We probably ought to make the parameters match with those listed in the Conjugate prior article or vice-versa. --Rhaertel80 (talk) 16:56, 29 May 2008 (UTC)Reply

Notation is inconsistent with regard to the distribution of $\mu$ . In the definition, mean is $\lambda$ and variance is $\sigma ^{2}/v$ , but in the section about generating values from the distribution, mean is $v$ and variance is $\sigma ^{2}/\lambda$ . I don't have a reference handy so I'm not sure which one is correct. Ksimek (talk) 23:40, 12 June 2009 (UTC)Reply

User:rewtnode: I'm trying to verify the formula for the Expectation of \sigma^2 E[sigma^2] which is given now as \beta/(\alpha-1/2), but was just recently changed. Just a few days ago it was \beta/(2 (\alpha-1)). But I tried to carry out the integral myself and come to the old result. The issue is whether we assume this is a density function of (x, \sigma^2) or of (x, \sigma). If I assume it's a function of (x,\sigma) I get the old result E[\sigma^2] = \beta/(2(\alpha-1)). However if I assume that it is a function of (x,\sigma^2) I need to do a different variable substitution in the integral and get the result E[\sigma^2] = \beta^{1/2} \Gamma(\alpha-3/2)/\Gamma(\alpha). Very confusing. So I wonder if this distribution should be indeed seen as function of (x, \sigma), that is, a joint density over the domain (x, \sigma) — Preceding unsigned comment added by Rewtnode (talk • contribs) 00:40, 8 June 2018 (UTC)Reply

Derivation of expected value of $\sigma ^{2}$ edit

Latest comment: 5 years ago1 comment1 person in discussion

There seems to be some disagreement about whether $E[\sigma ^{2}]$ is $\beta /(\alpha -1)$ (correct) or $\beta /(\alpha -0.5)$ (incorrect). To get this right, you have to remember to integrate with respect to $\sigma ^{2}$ and not $\sigma$ since the support of the distribution is defined in terms of $x$ and $\sigma ^{2}$ .

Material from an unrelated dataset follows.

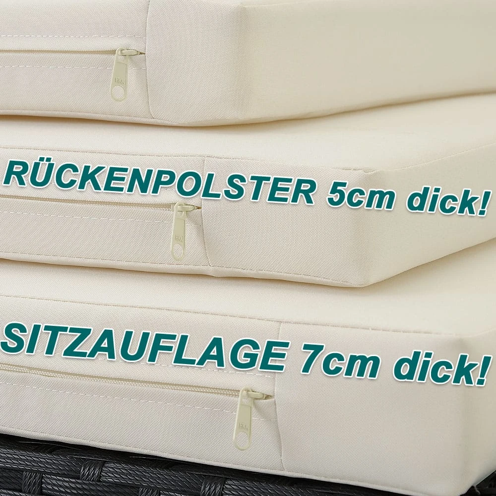 Wasserabweisende Sitzauflagen laden zum angenehmen Entspannen ein. Ausgestattet mit praktischem Reißverschluss, lassen sich die Bezüge einfach reinigen.

To make the above clear, all instances of $\sigma ^{2}$ below are written as $[\sigma ^{2}]$ to indicate that $\sigma ^{2}$ is our variable and not $\sigma$ .

From the definition of $E[\sigma ^{2}]$ :

$E[[\sigma ^{2}]]=\int _{0}^{\infty }\int _{-\infty }^{\infty }[\sigma ^{2}]\ {\text{Normal-inverse-gamma}}\left(x,[\sigma ^{2}]\ |\ \mu ,\lambda ,\alpha ,\beta \right)\ {\text{d}}x\,{\text{d}}[\sigma ^{2}]$

From the definition of the normal-inverse-gamma distribution:

$=\int _{0}^{\infty }\int _{-\infty }^{\infty }[\sigma ^{2}]{\frac {\sqrt {\lambda }}{\sqrt {2\pi [\sigma ^{2}]}}}{\frac {\beta ^{\alpha }}{\Gamma (\alpha )}}[\sigma ^{2}]^{-(\alpha +1)}\exp \left(-{\frac {2\beta +\lambda (x-\mu )^{2}}{2[\sigma ^{2}]}}\right)\ {\text{d}}x\,{\text{d}}[\sigma ^{2}]$

Rearrange:

$={\frac {{\sqrt {\lambda }}\beta ^{\alpha }}{{\sqrt {2\pi }}\Gamma (\alpha )}}\int _{0}^{\infty }[\sigma ^{2}]{\frac {1}{\sqrt {[\sigma ^{2}]}}}[\sigma ^{2}]^{-(\alpha +1)}\exp \left(-{\frac {\beta }{[\sigma ^{2}]}}\right)\int _{-\infty }^{\infty }\exp \left(-{\frac {(x-\mu )^{2}}{2\lambda ^{-1}[\sigma ^{2}]}}\right)\ {\text{d}}x\,{\text{d}}[\sigma ^{2}]$

Integrate out $x$ , which appears as a squared exponential function (proportional to the pdf of the normal distribution):

$={\frac {{\sqrt {\lambda }}\beta ^{\alpha }}{{\sqrt {2\pi }}\Gamma (\alpha )}}\int _{0}^{\infty }[\sigma ^{2}]{\frac {1}{\sqrt {[\sigma ^{2}]}}}[\sigma ^{2}]^{-(\alpha +1)}\exp \left(-{\frac {\beta }{[\sigma ^{2}]}}\right){\sqrt {2\pi \lambda ^{-1}[\sigma ^{2}]}}\ {\text{d}}[\sigma ^{2}]$

Simplify:

$={\frac {\beta ^{\alpha }}{\Gamma (\alpha )}}\int _{0}^{\infty }[\sigma ^{2}]^{-\alpha }\exp \left(-{\frac {\beta }{[\sigma ^{2}]}}\right)\ {\text{d}}[\sigma ^{2}]$

Integrate out $[\sigma ^{2}]$ , which appears in the same form as the pdf of an inverse-gamma distribution with argument $[\sigma ^{2}]$ :

$={\frac {\beta ^{\alpha }}{\Gamma (\alpha )}}{\frac {\Gamma (\alpha -1)}{\beta ^{\alpha -1}}}$

$={\frac {\beta }{\alpha -1}}$

We can further confirm this result by generating samples from the normal-inverse-gamma distribution (the sampling procedure is described in the article) and estimating the expected value of the $\sigma ^{2}$ argument empirically. It converges to ${\frac {\beta }{\alpha -1}}$ .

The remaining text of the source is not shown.